### Recorded data
━━━━━━━━━━━━━━━━

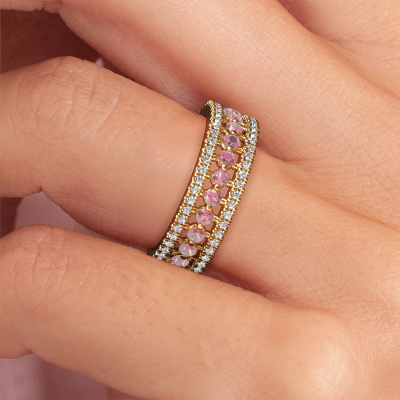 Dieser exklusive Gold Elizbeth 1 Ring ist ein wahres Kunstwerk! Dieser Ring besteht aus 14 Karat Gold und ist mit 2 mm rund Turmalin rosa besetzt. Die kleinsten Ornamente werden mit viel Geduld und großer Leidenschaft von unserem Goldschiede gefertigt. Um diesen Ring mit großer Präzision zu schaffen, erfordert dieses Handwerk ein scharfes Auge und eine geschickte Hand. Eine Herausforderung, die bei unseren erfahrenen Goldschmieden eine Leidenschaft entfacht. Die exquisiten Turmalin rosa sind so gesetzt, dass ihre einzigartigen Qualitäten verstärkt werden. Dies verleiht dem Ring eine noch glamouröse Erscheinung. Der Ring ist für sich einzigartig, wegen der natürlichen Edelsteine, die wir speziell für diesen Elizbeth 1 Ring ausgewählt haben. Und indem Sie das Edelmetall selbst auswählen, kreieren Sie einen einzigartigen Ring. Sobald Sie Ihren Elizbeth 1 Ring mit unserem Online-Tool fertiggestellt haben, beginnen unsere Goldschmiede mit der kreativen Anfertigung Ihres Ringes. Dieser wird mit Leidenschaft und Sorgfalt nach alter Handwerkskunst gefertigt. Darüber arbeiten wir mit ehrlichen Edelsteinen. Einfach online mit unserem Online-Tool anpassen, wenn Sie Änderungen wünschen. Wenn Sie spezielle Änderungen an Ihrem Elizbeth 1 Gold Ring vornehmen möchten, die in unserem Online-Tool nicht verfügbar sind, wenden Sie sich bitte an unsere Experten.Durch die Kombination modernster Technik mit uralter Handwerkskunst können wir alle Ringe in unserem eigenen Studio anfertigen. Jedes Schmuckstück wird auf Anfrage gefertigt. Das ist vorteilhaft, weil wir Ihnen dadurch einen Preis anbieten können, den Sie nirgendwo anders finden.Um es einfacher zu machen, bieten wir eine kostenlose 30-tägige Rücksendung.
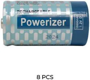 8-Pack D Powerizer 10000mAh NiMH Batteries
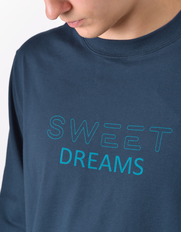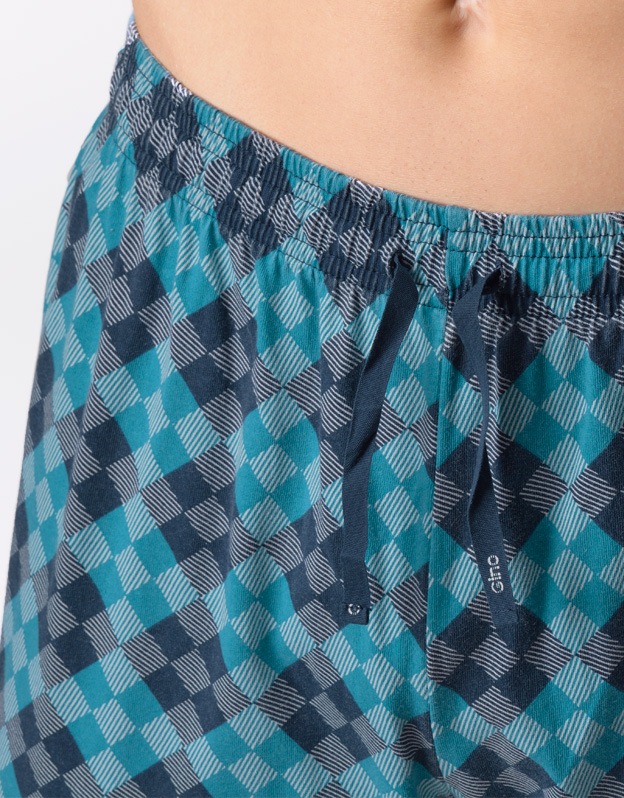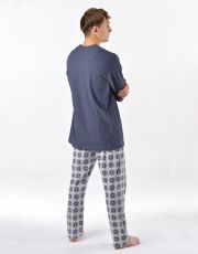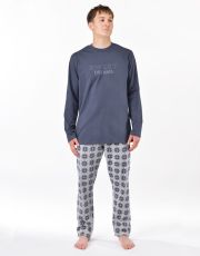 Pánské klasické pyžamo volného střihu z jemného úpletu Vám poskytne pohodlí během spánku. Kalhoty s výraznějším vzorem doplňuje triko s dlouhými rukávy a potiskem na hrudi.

━━━━━━━━━━━━━━━━

### Work task
Copy the lines above exactly and exclude every image.

### Written reply
 Dieser exklusive Gold Elizbeth 1 Ring ist ein wahres Kunstwerk! Dieser Ring besteht aus 14 Karat Gold und ist mit 2 mm rund Turmalin rosa besetzt. Die kleinsten Ornamente werden mit viel Geduld und großer Leidenschaft von unserem Goldschiede gefertigt. Um diesen Ring mit großer Präzision zu schaffen, erfordert dieses Handwerk ein scharfes Auge und eine geschickte Hand. Eine Herausforderung, die bei unseren erfahrenen Goldschmieden eine Leidenschaft entfacht. Die exquisiten Turmalin rosa sind so gesetzt, dass ihre einzigartigen Qualitäten verstärkt werden. Dies verleiht dem Ring eine noch glamouröse Erscheinung. Der Ring ist für sich einzigartig, wegen der natürlichen Edelsteine, die wir speziell für diesen Elizbeth 1 Ring ausgewählt haben. Und indem Sie das Edelmetall selbst auswählen, kreieren Sie einen einzigartigen Ring. Sobald Sie Ihren Elizbeth 1 Ring mit unserem Online-Tool fertiggestellt haben, beginnen unsere Goldschmiede mit der kreativen Anfertigung Ihres Ringes. Dieser wird mit Leidenschaft und Sorgfalt nach alter Handwerkskunst gefertigt. Darüber arbeiten wir mit ehrlichen Edelsteinen. Einfach online mit unserem Online-Tool anpassen, wenn Sie Änderungen wünschen. Wenn Sie spezielle Änderungen an Ihrem Elizbeth 1 Gold Ring vornehmen möchten, die in unserem Online-Tool nicht verfügbar sind, wenden Sie sich bitte an unsere Experten.Durch die Kombination modernster Technik mit uralter Handwerkskunst können wir alle Ringe in unserem eigenen Studio anfertigen. Jedes Schmuckstück wird auf Anfrage gefertigt. Das ist vorteilhaft, weil wir Ihnen dadurch einen Preis anbieten können, den Sie nirgendwo anders finden.Um es einfacher zu machen, bieten wir eine kostenlose 30-tägige Rücksendung.
 8-Pack D Powerizer 10000mAh NiMH Batteries
 Pánské klasické pyžamo volného střihu z jemného úpletu Vám poskytne pohodlí během spánku. Kalhoty s výraznějším vzorem doplňuje triko s dlouhými rukávy a potiskem na hrudi.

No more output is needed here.